# How to Survive the End of the World - National Geographic series



## PaulLev (Nov 2, 2012)

part science fiction, part serious speculation and analysis, all frightening - and I'm in most or all episodes in this new National Geographic series that debuts (in the US) on December 10.

trailer: http://paullevinson.blogspot.com/2013/11/how-to-survive-end-of-world-on-national.html


----------



## balaspa (Dec 27, 2009)

Interesting - however, if the world is really ending - there would be no way to survive without going to another world. Y'know?


----------



## Lisa Scott (Apr 4, 2011)

Very cool!  I'm going to watch. Thanks for the heads up.


----------



## PaulLev (Nov 2, 2012)

balaspa said:


> Interesting - however, if the world is really ending - there would be no way to survive without going to another world. Y'know?
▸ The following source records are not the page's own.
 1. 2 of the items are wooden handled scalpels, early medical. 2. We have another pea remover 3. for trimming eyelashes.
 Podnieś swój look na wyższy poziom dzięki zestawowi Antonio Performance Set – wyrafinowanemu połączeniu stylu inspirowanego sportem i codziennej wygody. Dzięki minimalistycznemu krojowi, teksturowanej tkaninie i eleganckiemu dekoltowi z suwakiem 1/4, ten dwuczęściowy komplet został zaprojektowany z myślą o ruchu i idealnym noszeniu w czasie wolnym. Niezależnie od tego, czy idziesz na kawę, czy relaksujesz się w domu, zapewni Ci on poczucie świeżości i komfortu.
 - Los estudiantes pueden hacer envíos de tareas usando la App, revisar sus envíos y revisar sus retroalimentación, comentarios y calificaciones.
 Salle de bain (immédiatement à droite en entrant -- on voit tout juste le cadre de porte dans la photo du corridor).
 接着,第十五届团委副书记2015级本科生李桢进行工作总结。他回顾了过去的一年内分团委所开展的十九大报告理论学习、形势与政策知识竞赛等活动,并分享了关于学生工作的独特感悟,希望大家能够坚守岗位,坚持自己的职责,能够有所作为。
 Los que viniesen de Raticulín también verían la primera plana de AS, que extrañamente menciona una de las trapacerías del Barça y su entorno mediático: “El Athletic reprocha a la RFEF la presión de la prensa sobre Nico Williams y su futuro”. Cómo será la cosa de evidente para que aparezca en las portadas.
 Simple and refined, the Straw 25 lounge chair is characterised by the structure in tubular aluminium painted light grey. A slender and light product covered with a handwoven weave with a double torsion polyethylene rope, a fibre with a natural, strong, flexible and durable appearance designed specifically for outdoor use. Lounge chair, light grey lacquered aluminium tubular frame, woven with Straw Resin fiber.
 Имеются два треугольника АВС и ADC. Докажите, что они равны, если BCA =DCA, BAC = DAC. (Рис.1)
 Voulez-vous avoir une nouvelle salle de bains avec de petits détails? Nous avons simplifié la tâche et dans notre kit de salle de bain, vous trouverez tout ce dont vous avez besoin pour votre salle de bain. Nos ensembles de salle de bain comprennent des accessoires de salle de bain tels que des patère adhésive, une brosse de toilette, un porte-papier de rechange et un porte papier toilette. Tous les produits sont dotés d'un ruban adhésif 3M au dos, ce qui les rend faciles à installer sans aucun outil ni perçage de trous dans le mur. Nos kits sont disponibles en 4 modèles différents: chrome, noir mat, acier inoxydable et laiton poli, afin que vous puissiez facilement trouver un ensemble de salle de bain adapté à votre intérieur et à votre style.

Actually, that very question was addressed in a National Geo show on which I was a guest "expert" last year - "Evacuate Earth".


----------



## PaulLev (Nov 2, 2012)

Lisa Scott said:


> Very cool! I'm going to watch. Thanks for the heads up.


My pleasure!


----------



## PaulLev (Nov 2, 2012)

Coming tomorrow (Jan 2) at 9pm and 11pm, episode #3 in this series: Frozen Earth (screenshot in OP is from Frozen Earth)

Details on the first two episodes:

http://paullevinson.blogspot.com/2013/12/how-to-survive-end-of-world-on-nat-geo.html

http://paullevinson.blogspot.com/2013/12/how-to-survive-end-of-world-story.html


----------



## PaulLev (Nov 2, 2012)

Early warning: NatGeo Channel resumes its "How to Survive the End of the World" series with two episodes on July 20: "Micro Monsters (Nanotech)" 9pm Eastern, and "Flooded Earth" 10pm Eastern - the following trailer for "Micro Monsters" features me at the beginning - http://channel.nationalgeographic.com/channel/how-to-survive-the-end-of-the-world/videos/conventional-weapons-vs-nano-robots/


----------



## Melisse (Jun 3, 2012)

I'll watch!

Years ago, when young and foolish, hubby and I belonged to a church*cough* that went totally nuts about Y2K. A year of prep, storing water, canned goods etc...I was skeptical and told my hubby if it was really going to happen, shouldn't we move home to NW Montana--with the deer and the elk, the salmon, the trout, wild huckleberries, good ol' boys relatives who can shoot and butcher meat? Who know where to harvest free firewood?

Hubby agreed, but we decided this was all a panic. And it was, come the dreaded morning after, Wichita, KS still stood. Wal Mart was open.


----------



## PaulLev (Nov 2, 2012)

Absolutely right - indeed, I think of the series as a sort of reality television science fiction.  Enjoy!


----------



## balaspa (Dec 27, 2009)

If it's really the "end" of the world - ain't no one gonna survive.


----------



## PaulLev (Nov 2, 2012)

Good point - the title is an oxymoron.


----------